:: Task material ::
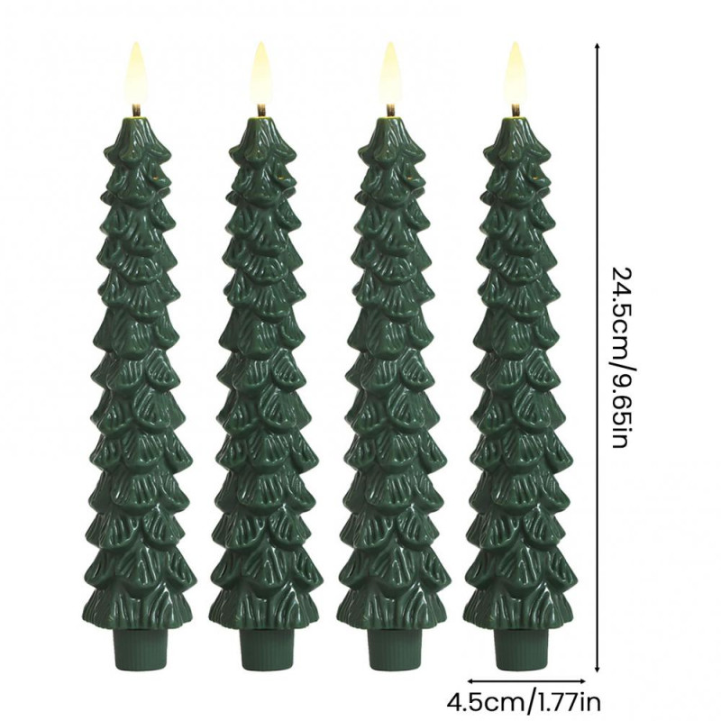 Versatile Usage: Each pack includes 4 flameless Christmas tree cone candles measuring 0.8 inches in diameter and 10 inches in height, making them ideal for various occasions such as Christmas gatherings, birthday celebrations, or enhancing shop decorations. They also make thoughtful gifts for loved ones.
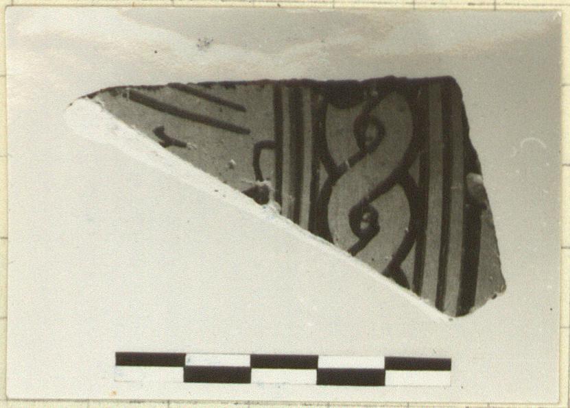 | Description: | Fragment broken all around. Guilloche. At bottom, clay to right; strands of a mane. Glaze brown to black. Cf. Munich 6077; London 1865.7-20.1(A 471). | |
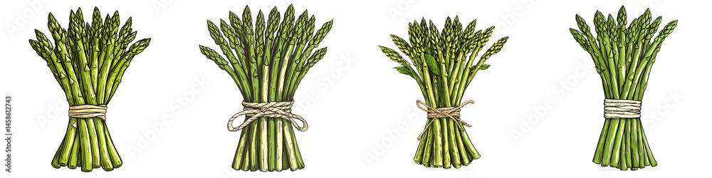 Fresh Green Asparagus Bundle Watercolor Painting Food Illustration Healthy Eating
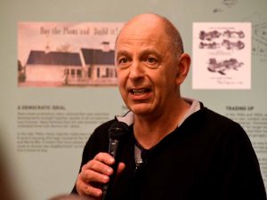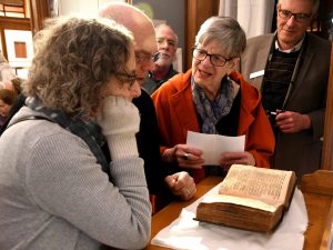 Audience members look at the Bible on disply and examine the Native language translation of the Scripture that were done by Native people under Eliot’s supervision.
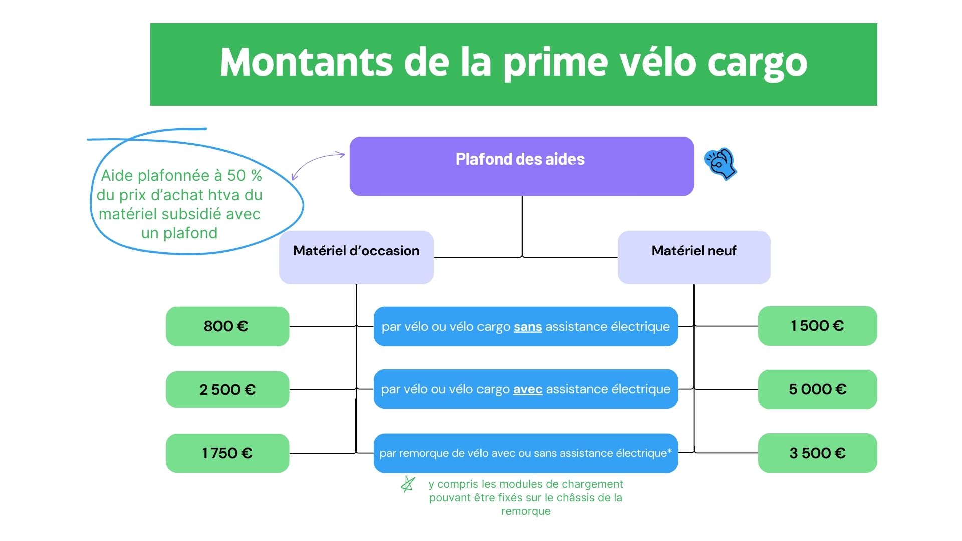 - 3.500 euros par remorque de vélo neuve, avec ou sans assistance électrique, en ce compris les modules de chargement pouvant être fixés sur le châssis de la remorque
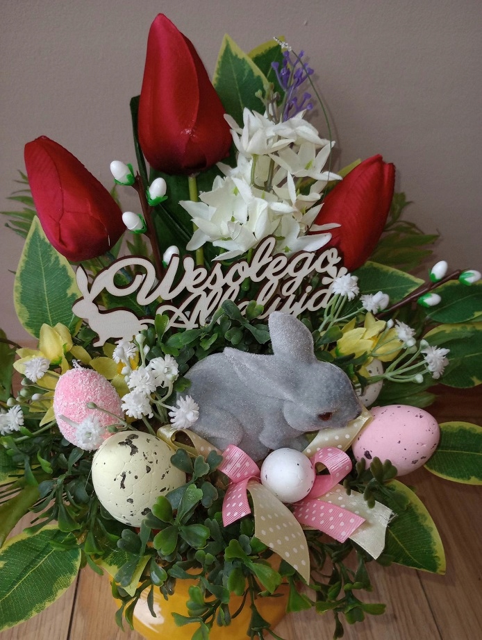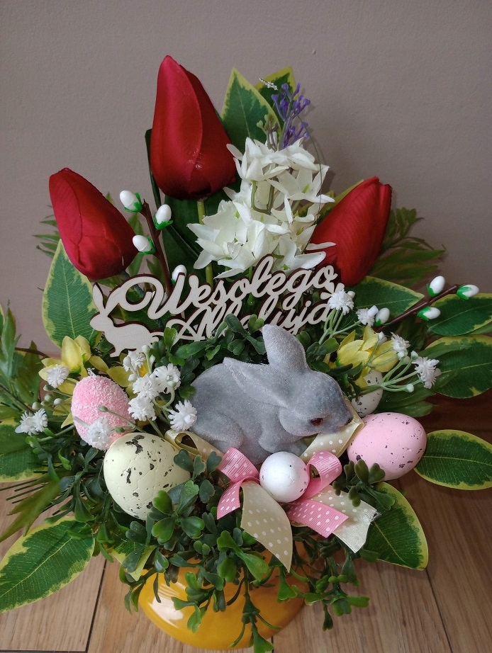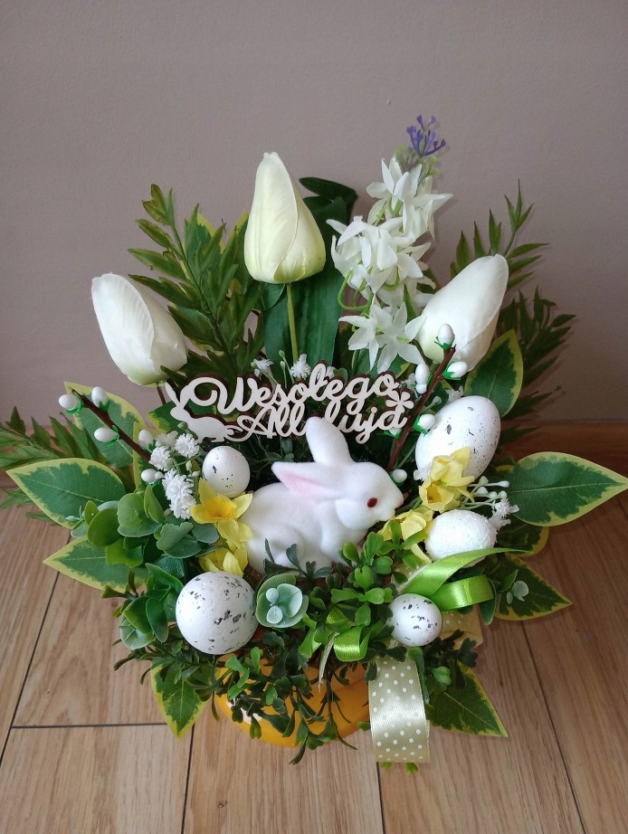 выполнен в красивом пластиковом горшочке в форме яичной скорлупы, идеален в качестве новогоднего украшения для дома или на могилу (утяжеленный)
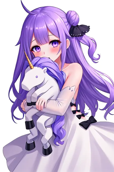 yunikoon、推奨タグはbest quality, masterpiece, highres, solo, {yunikoon:1.15}, purple_hair, long_hair, unicorn_\(azur_lane\), purple_eyes, bangs, ahoge, blush, very_long_hair, ribbon, hair_bun, single_hair_bun, hair_ribbon, one_side_up, single_side_bun, stuffed_toy, breastsです。 - 推奨重み: 0.5–1.15
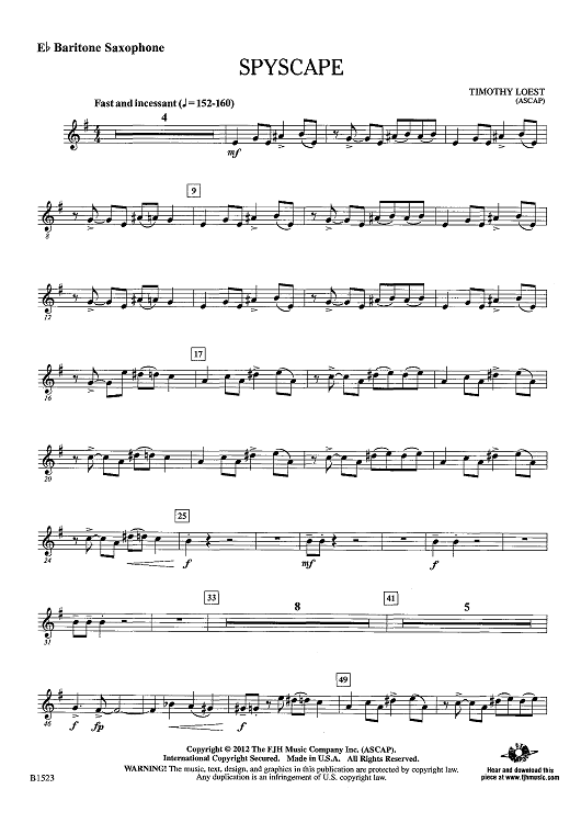 "Spyscape - Eb Baritone Sax" Sheet Music by Timothy Loest

:: What to work on ::
Print nothing except the lines above from the one containing "Audience members look" down to the one containing "- 3.500 euros", both included, exactly as written and free of pictures.

:: Solution for this exercise ::
 Audience members look at the Bible on disply and examine the Native language translation of the Scripture that were done by Native people under Eliot’s supervision.
 - 3.500 euros par remorque de vélo neuve, avec ou sans assistance électrique, en ce compris les modules de chargement pouvant être fixés sur le châssis de la remorque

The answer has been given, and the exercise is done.